CONCLUSIONS AND RELEVANCE

This study found that fluoroquinolones were associated with increased incidence of aortic aneurysm formation in US adults. This association was consistent across adults aged 35 years or older, sex, and comorbidities, suggesting fluoroquinolone use should be pursued with caution in all adults, not just in high-risk individuals.

摘要

重要性

尽管氟喹诺酮类药物在美国是常用的抗生素,但最近的国际研究表明,氟喹诺酮类药物的使用与主动脉瘤和夹层的风险增加有关,这导致美国食品和药物管理局(FDA)发出警告,限制高危患者使用氟喹诺酮类药物。目前尚不清楚这些数据是否适用于美国人群,以及谁是真正的高危人群。

目的

评估氟喹诺酮类药物在美国不同人群中的主动脉瘤和夹层风险。

设计、地点和参与者:这项回顾性市场扫描健康保险索赔分析研究中,鉴定了在 2005 年至 2017 年间,2782.7254 万名年龄在 18 至 64 岁之间的商业保险成年人的氟喹诺酮类药物或比较抗生素的处方剂量。该队列研究包括 2782.7254 万名年龄在 18 至 64 岁之间的美国成年人(4759.6545 次抗生素疗程),他们没有已知的先前的主动脉瘤或夹层,没有最近的抗生素暴露史,也没有最近的住院治疗史。

暴露

门诊氟喹诺酮类药物或比较抗生素(阿莫西林克拉维酸、阿奇霉素、头孢氨苄、克林霉素和磺胺甲噁唑-甲氧苄啶)的口服疗程。

主要结局和测量

90 天内主动脉瘤和夹层的发生率。Cox 回归的逆概率治疗加权用于估计氟喹诺酮类药物治疗与 90 天内动脉瘤发病率之间的关联。使用交互项评估已知风险因素(即性别、年龄和合并症)与氟喹诺酮类药物治疗后动脉瘤的关系。

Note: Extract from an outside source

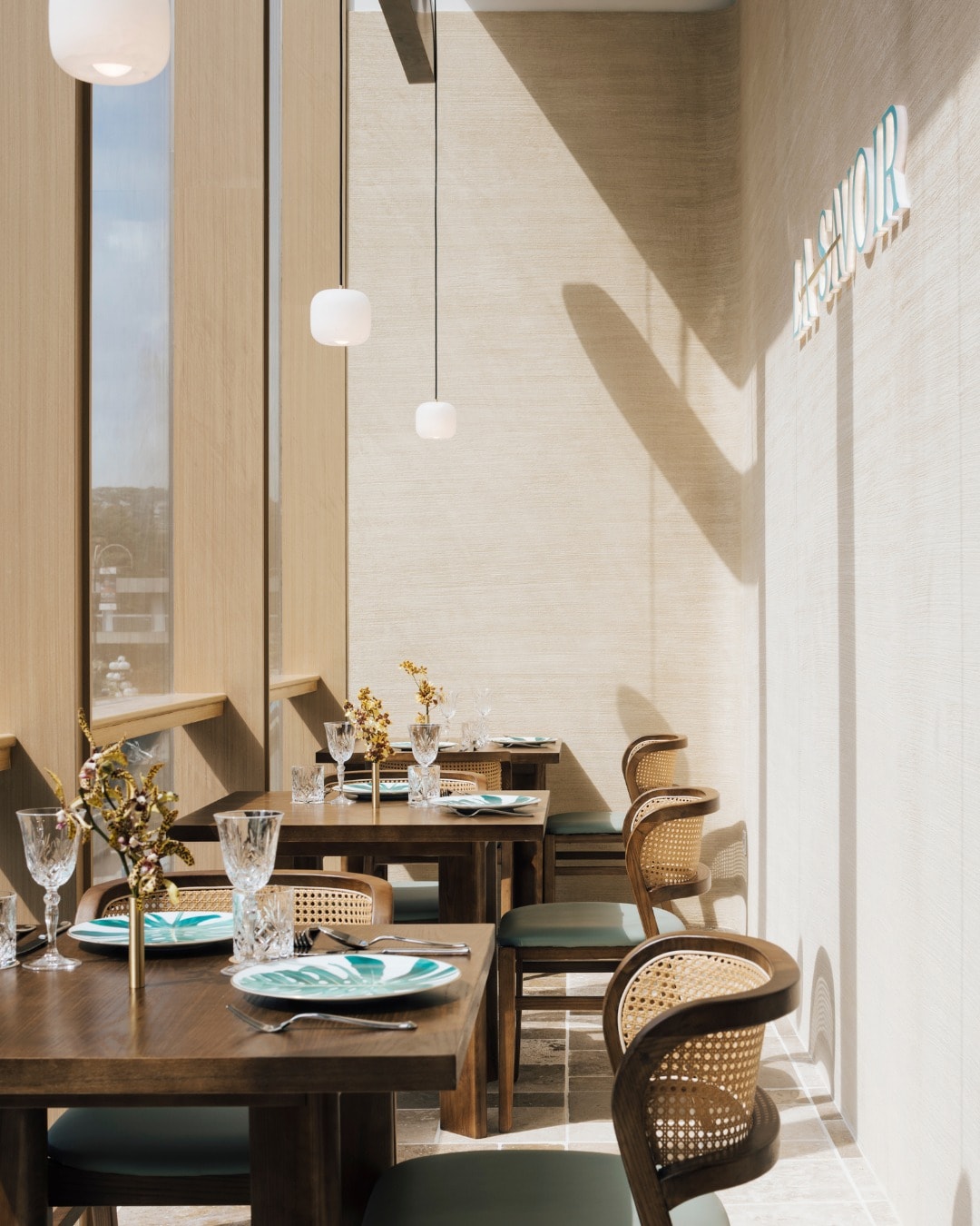 Think of it as a modern interpretation of a classic French brassiere, with interiors dressed in rattan furniture, soft lighting, and pops of Tiffany blue.

数据分析于 2019 年 3 月至 2020 年 5 月进行。

结果

在 4759.6545 次处方剂量中,9053961 次(19%)为氟喹诺酮类药物,38542584 次(81%)为比较抗生素。氟喹诺酮类药物治疗组成年人的中位(四分位间距)年龄为 47(36-57)岁,而比较抗生素治疗组的年龄为 43(31-54)岁。女性占氟喹诺酮类药物治疗组的 61.3%,占比较抗生素治疗组的 59.5%。在加权之前,氟喹诺酮类药物治疗后新发动脉瘤的 90 天发生率为每 10000 次治疗 7.5 例(9053961 次治疗中的 6752 例),而比较抗生素治疗后为每 10000 次治疗 4.6 例(38542584 次治疗中的 17627 例)。在对人口统计学特征和合并症进行加权后,氟喹诺酮类药物治疗与动脉瘤形成发生率的增加相关(风险比[HR],1.20;95%置信区间[CI],1.17-1.24)。更具体地说,与比较抗生素相比,氟喹诺酮类药物治疗与 90 天内腹主动脉瘤(HR,1.31;95%CI,1.25-1.37)、髂动脉瘤(HR,1.60;95%CI,1.33-1.91)和其他腹部动脉瘤(HR,1.58;95%CI,1.39-1.79)的 90 天发生率增加有关,并且成年人更有可能接受动脉瘤修复(HR,1.88;95%CI,1.44-2.46)。按年龄分层时,所有 35 岁及以上的成年人似乎都面临更高的风险(18-34 岁:HR,0.99[95%CI,0.83-1.18];35-49 岁:HR,1.18[95%CI,1.09-1.28];50-64 岁:HR,1.24[95%CI,1.19-1.28];P=0.04)。

结论和相关性

本研究发现氟喹诺酮类药物与美国成年人主动脉瘤形成的发生率增加有关。这种关联在 35 岁或以上的成年人、性别和合并症中是一致的,这表明氟喹诺酮类药物的使用应谨慎,而不仅仅是在高危人群中。